DocuSign (NASDAQ: DOCU) released its Q4 earnings on Thursday, March 10, 2022, in which the company beat analyst estimates for both revenue and earnings but issued weak guidance.
What to look for
Earnings: Stockearning’s Estimated EPS for the fourth quarter was $0.47, but the company produced earnings of $0.48, up from $0.37 a year ago. On a GAAP basis, the company lost $0.15 per share. For the full year, non-GAAP profits were $1.98 per share, while on a GAAP basis, DocuSign lost $0.36 per share. . Historical EPS performance shows that in the past 12 quarters, the company has topped estimates nine times (60%) and missed six times (40%).
Revenue: DocuSign reported revenue of $580.8 million for the fiscal Q4 ending January 31, 2022, up 35% year over year and exceeding management's projection of $557 to $563 million. The consensus estimate on Wall Street was $561 million. In addition, billings increased by 25% to $670.1 million, above the company's projected range of between $647 million and $649 million. For the full year, the company reported revenue of $2.1 billion, an increase of 45%, while billings increased by 27% to 2.4 billion. As a result, DocuSign expects revenue of between $579 million and $583 million for the current quarter short of Street estimates of $594 million.
Stock movement: DOCU shares have lost 58.1% since the company released its last earnings release. Interestingly, following the earnings release, the company's shares have been DOWN 8 times in the past 15 quarters. So, the historical price reaction suggests a 53% probability of the share price going DOWN following the earnings release. According to the Stockearning algorithm, the predicted volatility on the first day is +/-11%, while the predicted volatility on the seventh day is +/-12%.
What analysts are saying: Baird analyst William Power slashed his price target on DOCU from $175 to $140 and maintained a Buy rating in the shares. The analyst forecasted solid Q4 results, with all attention on the forecast and the degree of the revenue downturn and enhancements in sales team productivity. Power stated that he is optimistic about the company's long-term prospects.
City analyst Tyler Radke lowered his price target on the stock from $231 to $137 but kept a Buy rating in the shares. Radke told investors in a research note that investor attention has gotten more acute towards any signals of shrinking growth and weaker profitability tales due to the valuation constraint and rising unpredictability in the system software industry. As a result, DocuSign's Q4 profits are expected to be "more muted," according to the analyst.

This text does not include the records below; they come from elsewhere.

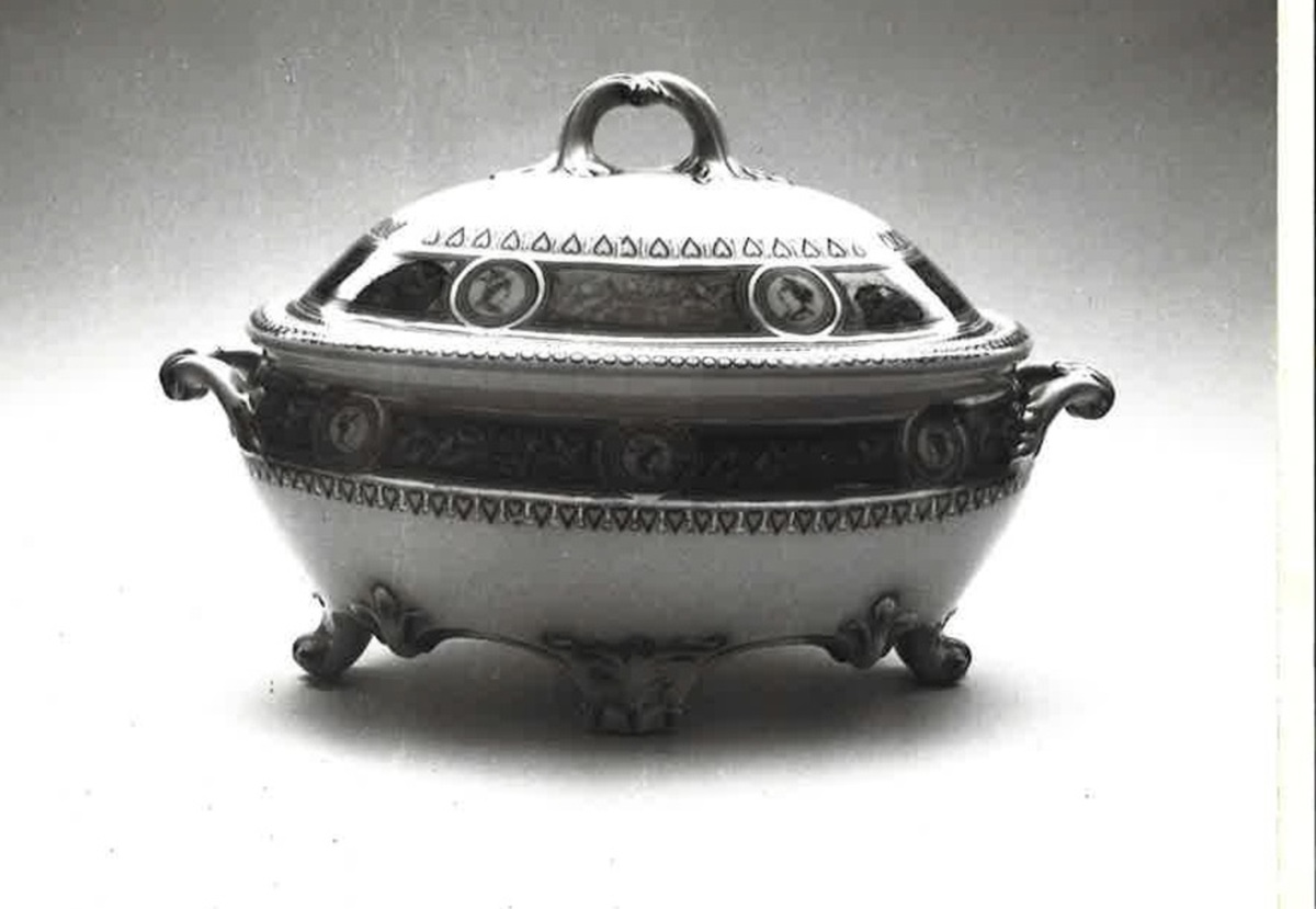 Terrin ur servisen "Minerva", i flintgods (ironstone) med tryckt dekor i brunt och blått, dessutom guld och lyster över glasyren.
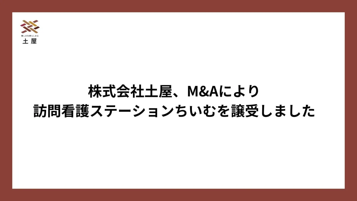株式会社土屋(岡山県井原市、代表取締役:高浜敏之)は、訪問看護ステーションちいむの事業を譲受するM&Aを実施しました。この取り組みにより、土屋は全国的な介護サービスの質をさらに向上させ、特に大阪府東大阪市での在宅看護サービスの充実を図ります。
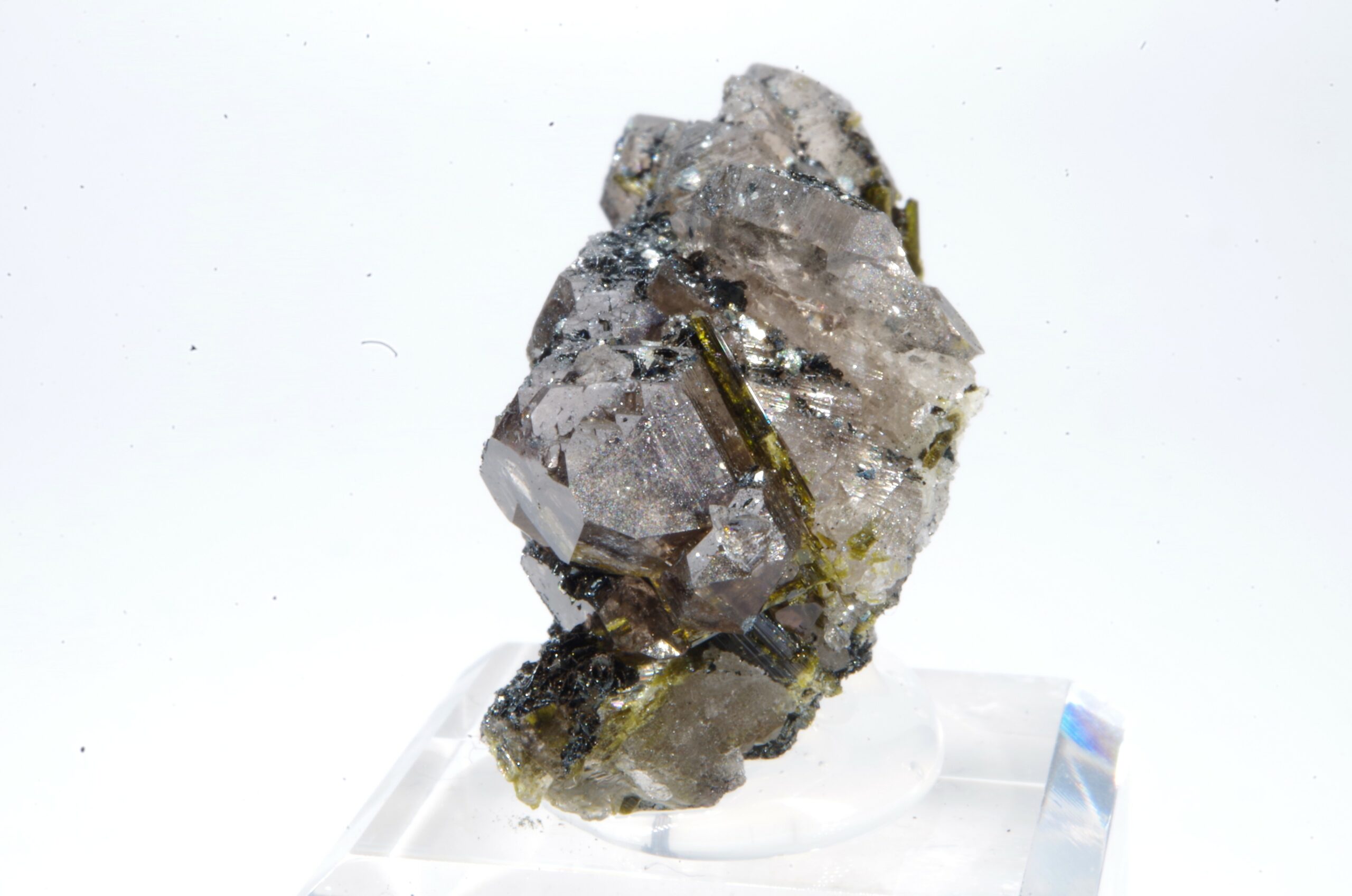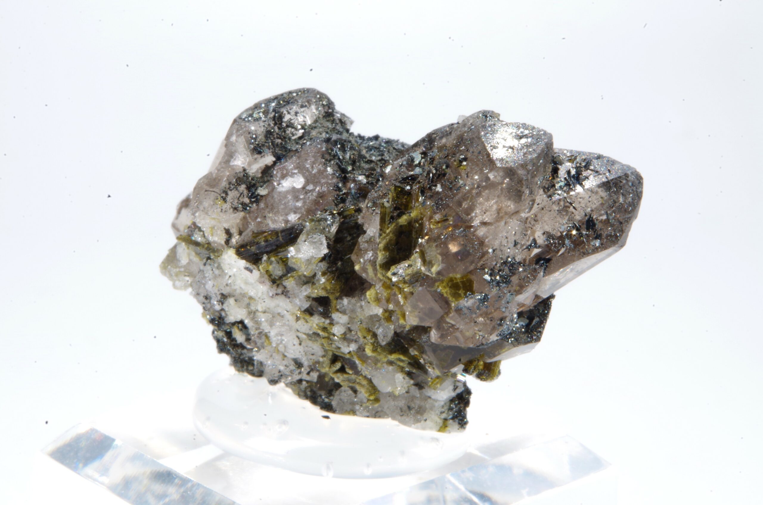 Joli ensemble de Quartz fumé superposés recouvert d’hématite et complété par quelques fin cristaux d’épidote.

Piper Sandler analyst Rob Owens slashed his price target on the stock from $200 to $175 and maintained a Hold rating on the shares. Owens told investors in a research note that most of the demand drivers that boosted cybersecurity investment in 2021 are still in play in 2022. The "perfect storm" for growing cybersecurity requirements will persist, according to the analyst, with a "pretty bullish" IT investment picture and security prioritizing expected to continue in 2022.